:: WORK INSTRUCTION ::
Output, exactly and alone, the lines from the one containing "Na sprzedaż działka" through the last line of the material below, both ends included.

:: DATA SEGMENT ::

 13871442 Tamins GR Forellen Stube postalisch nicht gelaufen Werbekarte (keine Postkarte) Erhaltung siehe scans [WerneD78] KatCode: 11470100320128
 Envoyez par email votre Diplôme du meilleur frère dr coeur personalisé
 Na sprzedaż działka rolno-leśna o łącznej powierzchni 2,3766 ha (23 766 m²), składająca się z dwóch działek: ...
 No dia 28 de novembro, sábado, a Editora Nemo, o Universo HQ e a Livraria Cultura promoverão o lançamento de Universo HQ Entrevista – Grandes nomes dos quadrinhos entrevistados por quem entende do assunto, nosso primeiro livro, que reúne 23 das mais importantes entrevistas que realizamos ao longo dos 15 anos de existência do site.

:: FINISHED EXERCISE ::
 Na sprzedaż działka rolno-leśna o łącznej powierzchni 2,3766 ha (23 766 m²), składająca się z dwóch działek: ...
 No dia 28 de novembro, sábado, a Editora Nemo, o Universo HQ e a Livraria Cultura promoverão o lançamento de Universo HQ Entrevista – Grandes nomes dos quadrinhos entrevistados por quem entende do assunto, nosso primeiro livro, que reúne 23 das mais importantes entrevistas que realizamos ao longo dos 15 anos de existência do site.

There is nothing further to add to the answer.